# What the task requires:
An exact copy of each line below is needed, with no images in it.

(Stored items)
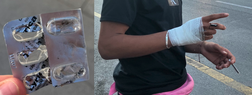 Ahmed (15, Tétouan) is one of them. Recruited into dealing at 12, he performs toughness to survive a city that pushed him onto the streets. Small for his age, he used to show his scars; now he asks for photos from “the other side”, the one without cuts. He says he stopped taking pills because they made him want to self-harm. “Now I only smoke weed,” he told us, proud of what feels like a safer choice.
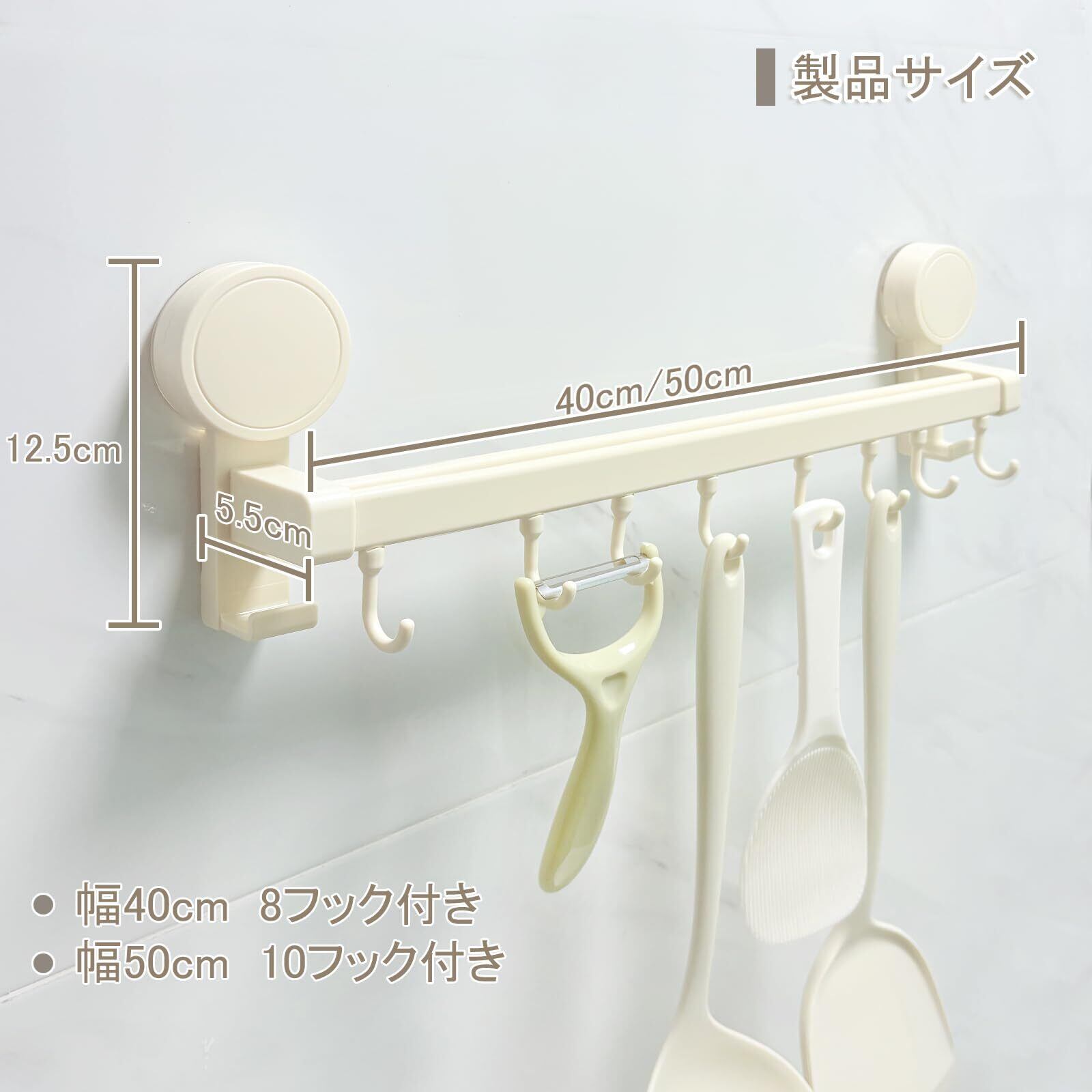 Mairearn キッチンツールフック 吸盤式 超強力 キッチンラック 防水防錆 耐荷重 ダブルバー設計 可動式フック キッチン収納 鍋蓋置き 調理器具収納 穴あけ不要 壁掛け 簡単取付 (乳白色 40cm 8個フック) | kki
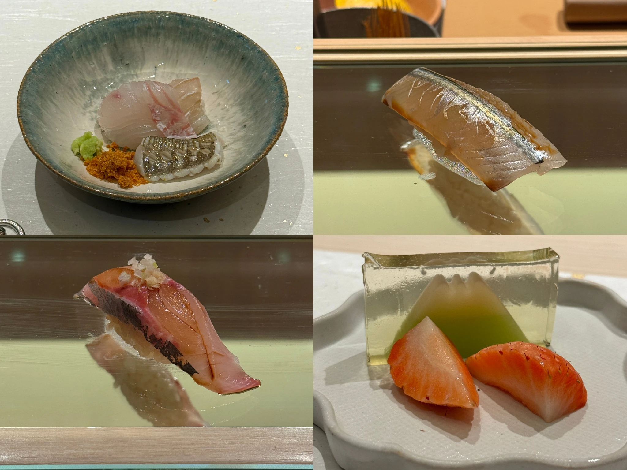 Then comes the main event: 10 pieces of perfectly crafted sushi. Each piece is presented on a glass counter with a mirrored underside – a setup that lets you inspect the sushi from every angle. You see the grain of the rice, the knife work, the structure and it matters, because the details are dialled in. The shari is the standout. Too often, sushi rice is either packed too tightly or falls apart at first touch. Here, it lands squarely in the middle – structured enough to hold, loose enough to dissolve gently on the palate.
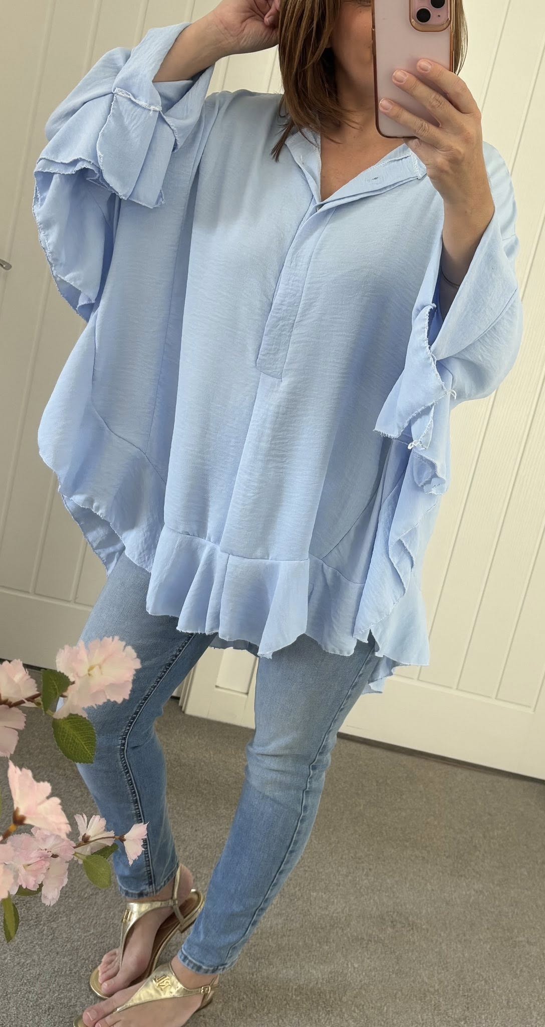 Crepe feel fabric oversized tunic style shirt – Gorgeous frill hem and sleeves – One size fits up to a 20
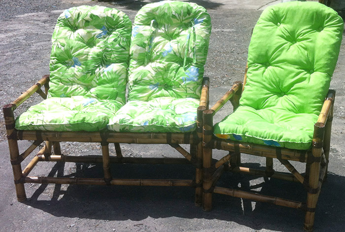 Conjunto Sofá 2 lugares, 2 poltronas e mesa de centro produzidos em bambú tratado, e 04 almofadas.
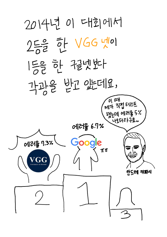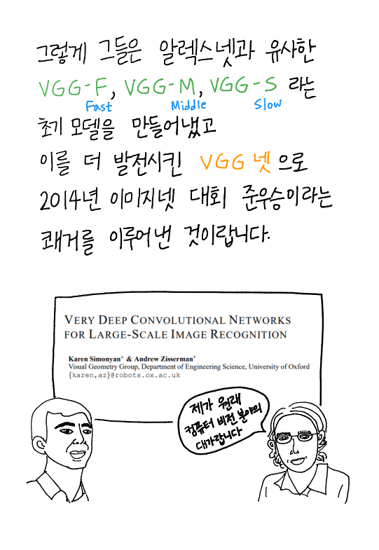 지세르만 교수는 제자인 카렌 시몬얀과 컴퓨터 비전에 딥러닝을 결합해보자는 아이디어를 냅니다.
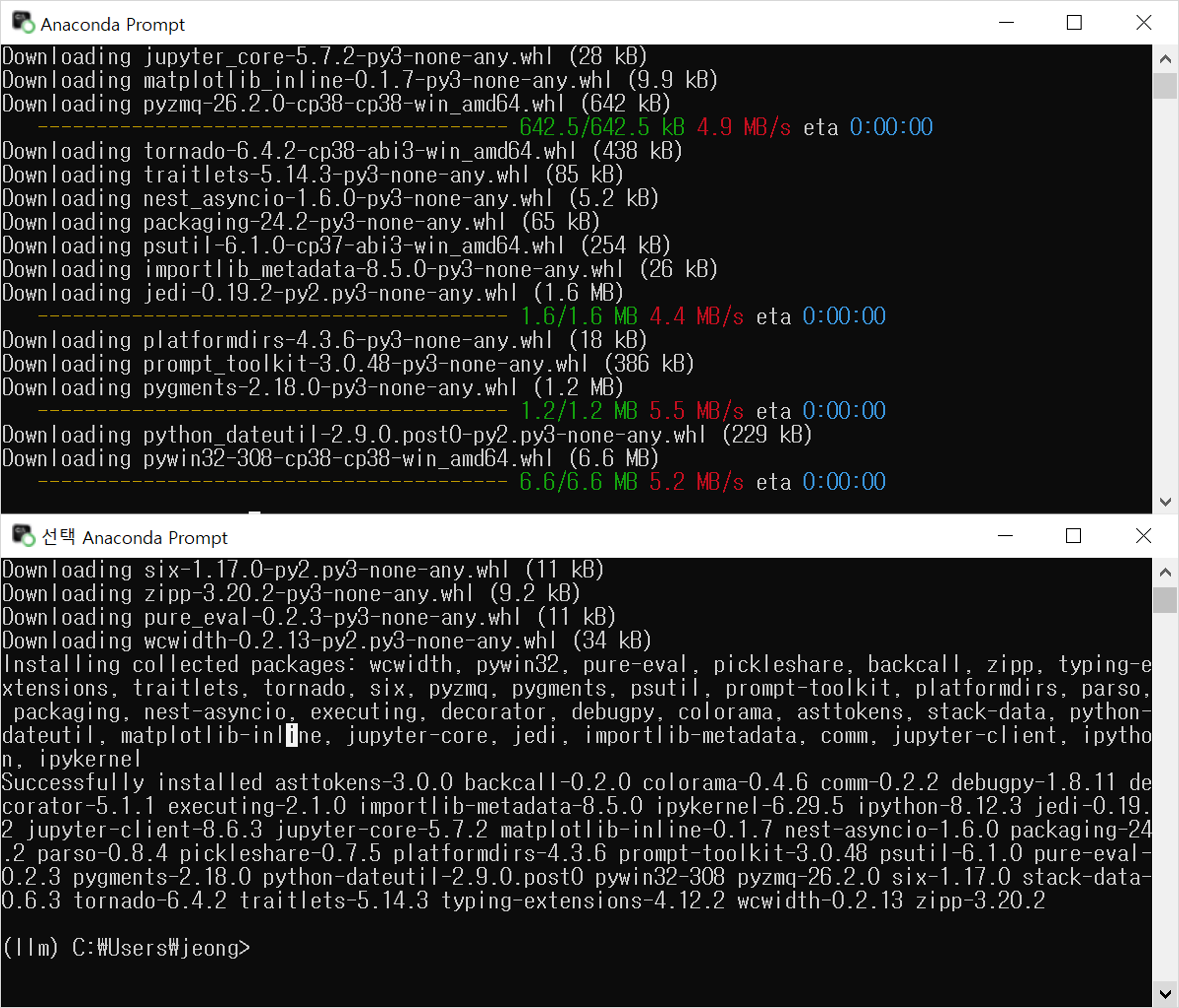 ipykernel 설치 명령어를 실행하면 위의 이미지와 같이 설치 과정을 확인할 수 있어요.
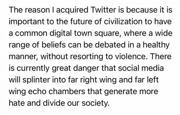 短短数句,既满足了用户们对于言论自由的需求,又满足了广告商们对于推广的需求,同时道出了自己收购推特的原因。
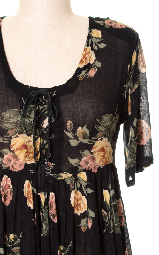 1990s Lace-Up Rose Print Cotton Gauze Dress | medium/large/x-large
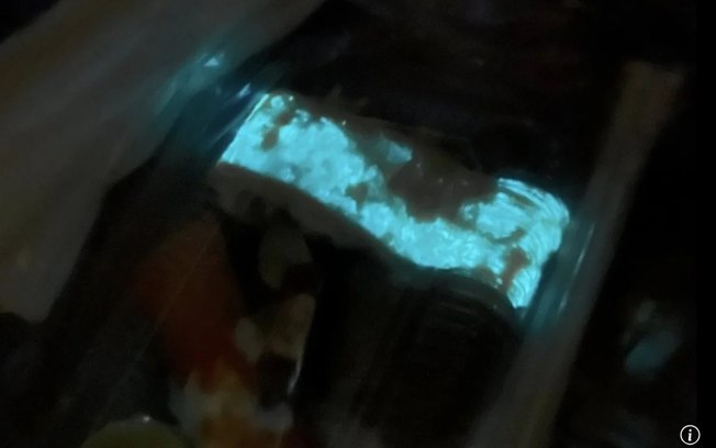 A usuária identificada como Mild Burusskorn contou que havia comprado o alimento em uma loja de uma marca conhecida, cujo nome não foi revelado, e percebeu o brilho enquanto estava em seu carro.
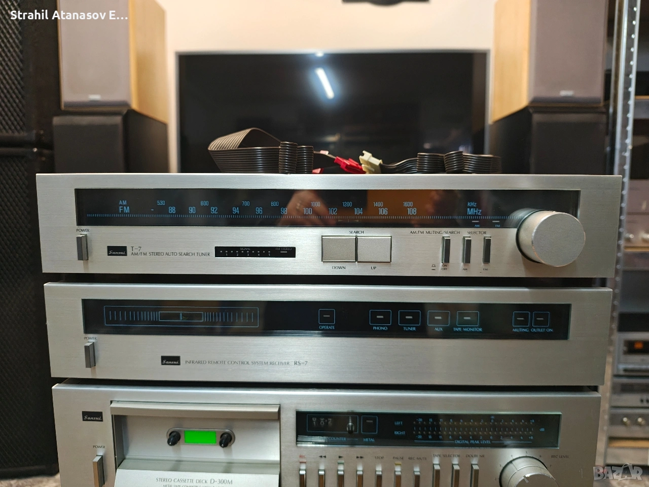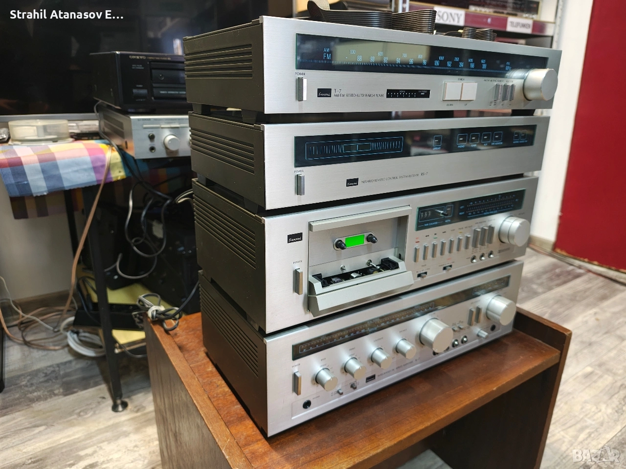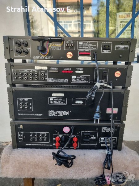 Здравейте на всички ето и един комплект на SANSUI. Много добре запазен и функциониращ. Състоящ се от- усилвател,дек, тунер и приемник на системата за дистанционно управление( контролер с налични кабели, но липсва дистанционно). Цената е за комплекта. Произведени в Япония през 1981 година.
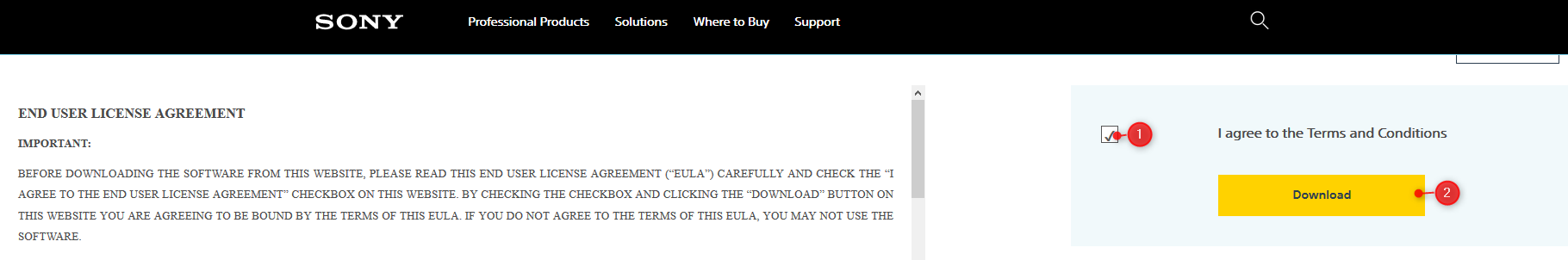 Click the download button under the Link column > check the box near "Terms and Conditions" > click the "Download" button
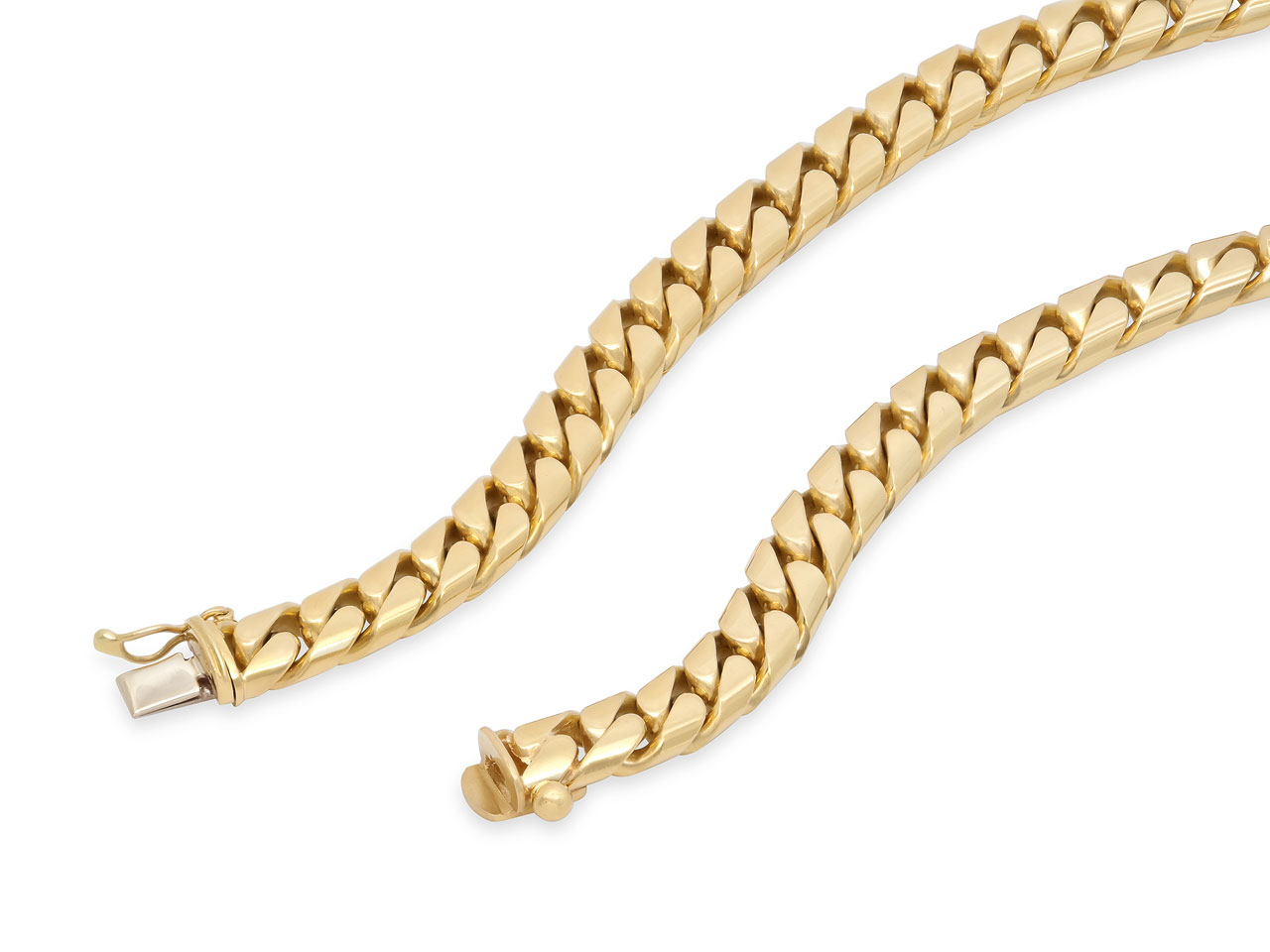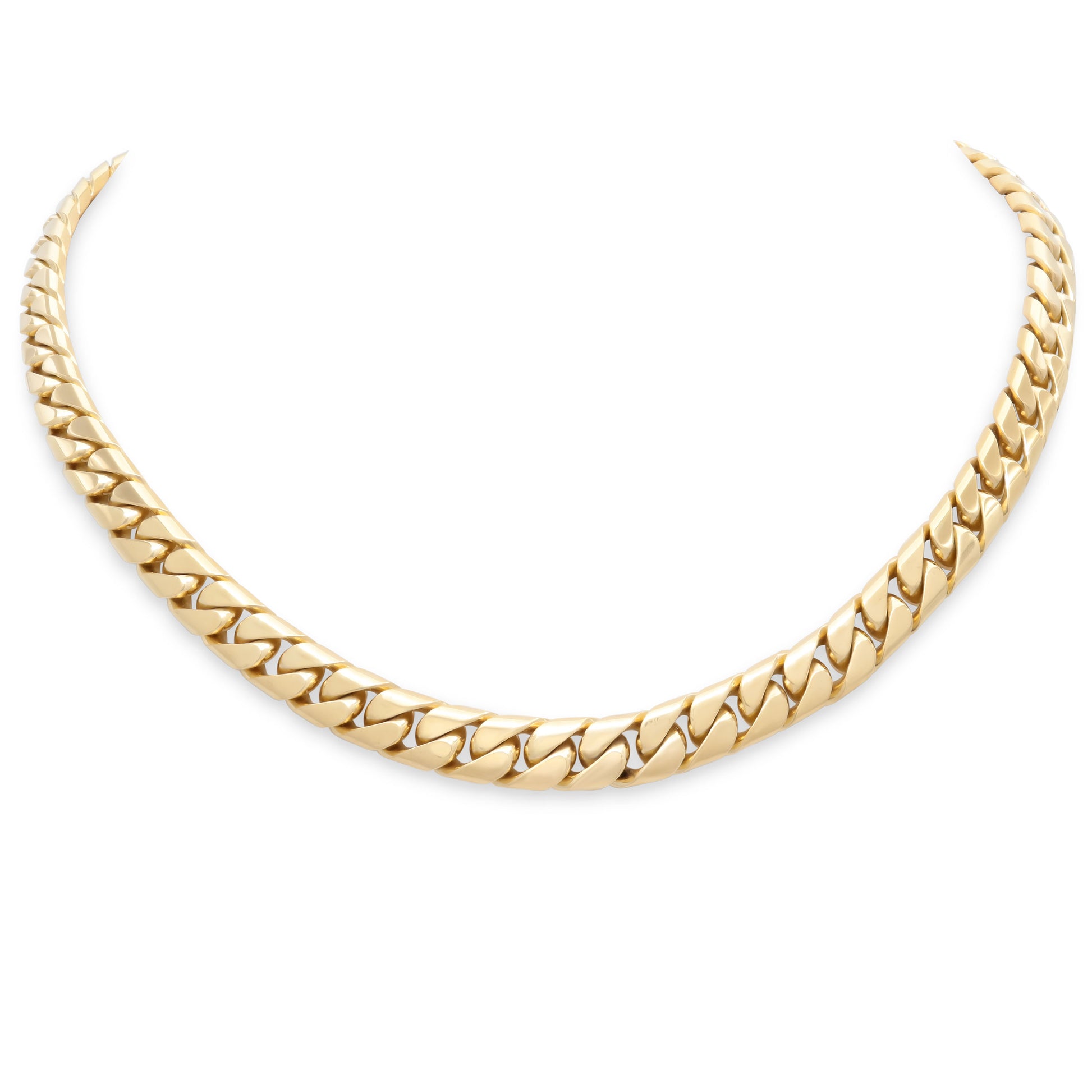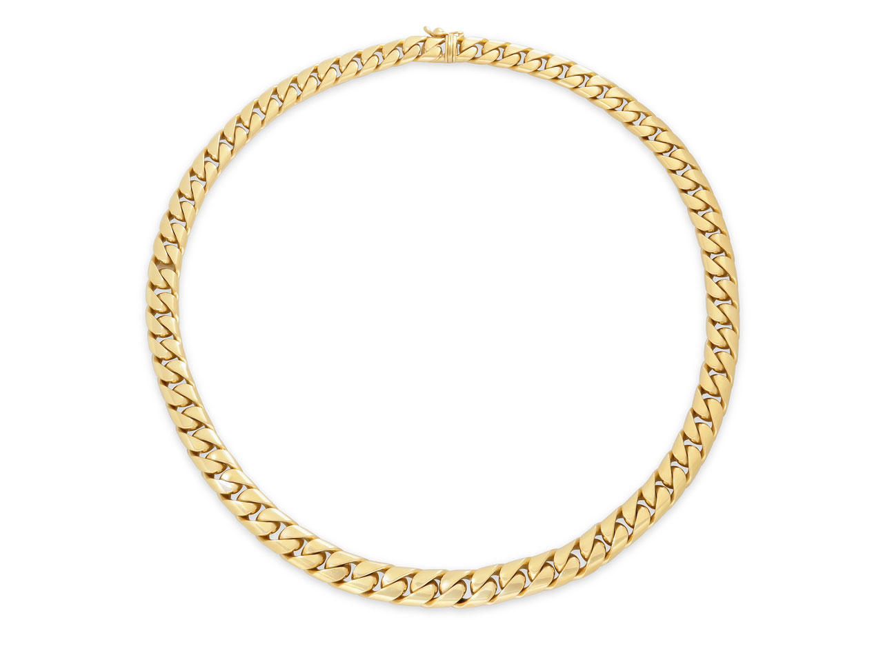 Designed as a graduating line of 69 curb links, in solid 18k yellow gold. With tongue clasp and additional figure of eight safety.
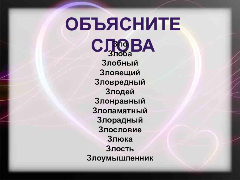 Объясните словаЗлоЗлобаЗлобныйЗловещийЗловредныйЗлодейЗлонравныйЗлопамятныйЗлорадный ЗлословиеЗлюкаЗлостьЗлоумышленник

# Answer space:
 Ahmed (15, Tétouan) is one of them. Recruited into dealing at 12, he performs toughness to survive a city that pushed him onto the streets. Small for his age, he used to show his scars; now he asks for photos from “the other side”, the one without cuts. He says he stopped taking pills because they made him want to self-harm. “Now I only smoke weed,” he told us, proud of what feels like a safer choice.
 Mairearn キッチンツールフック 吸盤式 超強力 キッチンラック 防水防錆 耐荷重 ダブルバー設計 可動式フック キッチン収納 鍋蓋置き 調理器具収納 穴あけ不要 壁掛け 簡単取付 (乳白色 40cm 8個フック) | kki
 Then comes the main event: 10 pieces of perfectly crafted sushi. Each piece is presented on a glass counter with a mirrored underside – a setup that lets you inspect the sushi from every angle. You see the grain of the rice, the knife work, the structure and it matters, because the details are dialled in. The shari is the standout. Too often, sushi rice is either packed too tightly or falls apart at first touch. Here, it lands squarely in the middle – structured enough to hold, loose enough to dissolve gently on the palate.
 Crepe feel fabric oversized tunic style shirt – Gorgeous frill hem and sleeves – One size fits up to a 20
 Conjunto Sofá 2 lugares, 2 poltronas e mesa de centro produzidos em bambú tratado, e 04 almofadas.
 지세르만 교수는 제자인 카렌 시몬얀과 컴퓨터 비전에 딥러닝을 결합해보자는 아이디어를 냅니다.
 ipykernel 설치 명령어를 실행하면 위의 이미지와 같이 설치 과정을 확인할 수 있어요.
 短短数句,既满足了用户们对于言论自由的需求,又满足了广告商们对于推广的需求,同时道出了自己收购推特的原因。
 1990s Lace-Up Rose Print Cotton Gauze Dress | medium/large/x-large
 A usuária identificada como Mild Burusskorn contou que havia comprado o alimento em uma loja de uma marca conhecida, cujo nome não foi revelado, e percebeu o brilho enquanto estava em seu carro.
 Здравейте на всички ето и един комплект на SANSUI. Много добре запазен и функциониращ. Състоящ се от- усилвател,дек, тунер и приемник на системата за дистанционно управление( контролер с налични кабели, но липсва дистанционно). Цената е за комплекта. Произведени в Япония през 1981 година.
 Click the download button under the Link column > check the box near "Terms and Conditions" > click the "Download" button
 Designed as a graduating line of 69 curb links, in solid 18k yellow gold. With tongue clasp and additional figure of eight safety.
 Объясните словаЗлоЗлобаЗлобныйЗловещийЗловредныйЗлодейЗлонравныйЗлопамятныйЗлорадный ЗлословиеЗлюкаЗлостьЗлоумышленник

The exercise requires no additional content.